Except for images, print the whole listing verbatim.

#### Data provided ####

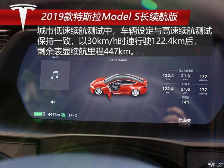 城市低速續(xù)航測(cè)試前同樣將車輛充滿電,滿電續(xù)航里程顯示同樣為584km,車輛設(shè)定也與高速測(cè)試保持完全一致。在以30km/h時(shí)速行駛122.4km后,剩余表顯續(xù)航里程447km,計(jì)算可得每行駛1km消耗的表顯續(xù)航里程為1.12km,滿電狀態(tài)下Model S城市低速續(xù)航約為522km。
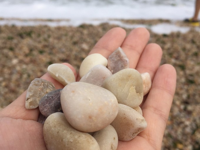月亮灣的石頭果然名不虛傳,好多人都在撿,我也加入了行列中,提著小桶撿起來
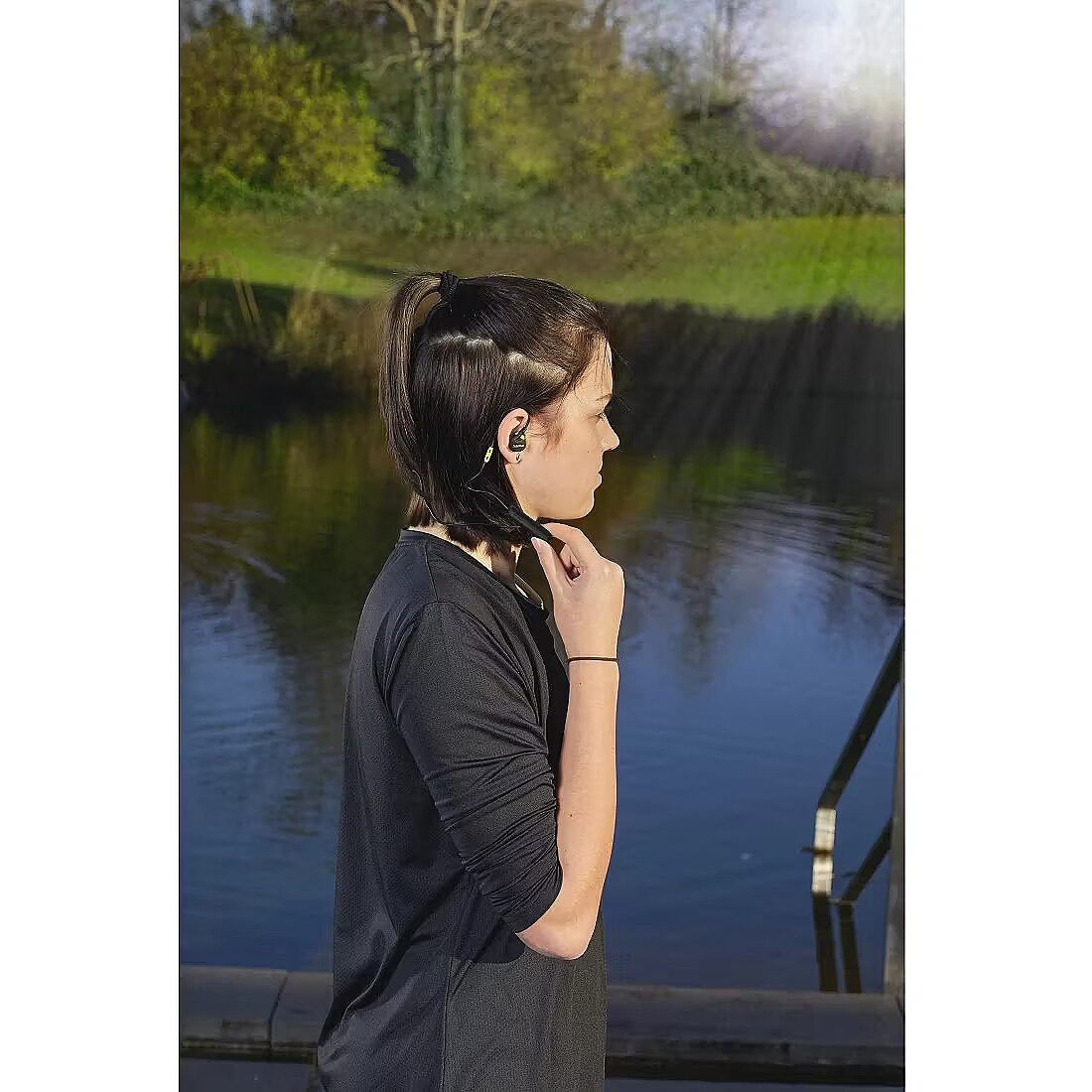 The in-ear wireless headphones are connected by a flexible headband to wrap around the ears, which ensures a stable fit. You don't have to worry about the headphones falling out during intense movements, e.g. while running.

####

### Output for this exercise
 城市低速續(xù)航測(cè)試前同樣將車輛充滿電,滿電續(xù)航里程顯示同樣為584km,車輛設(shè)定也與高速測(cè)試保持完全一致。在以30km/h時(shí)速行駛122.4km后,剩余表顯續(xù)航里程447km,計(jì)算可得每行駛1km消耗的表顯續(xù)航里程為1.12km,滿電狀態(tài)下Model S城市低速續(xù)航約為522km。
月亮灣的石頭果然名不虛傳,好多人都在撿,我也加入了行列中,提著小桶撿起來
 The in-ear wireless headphones are connected by a flexible headband to wrap around the ears, which ensures a stable fit. You don't have to worry about the headphones falling out during intense movements, e.g. while running.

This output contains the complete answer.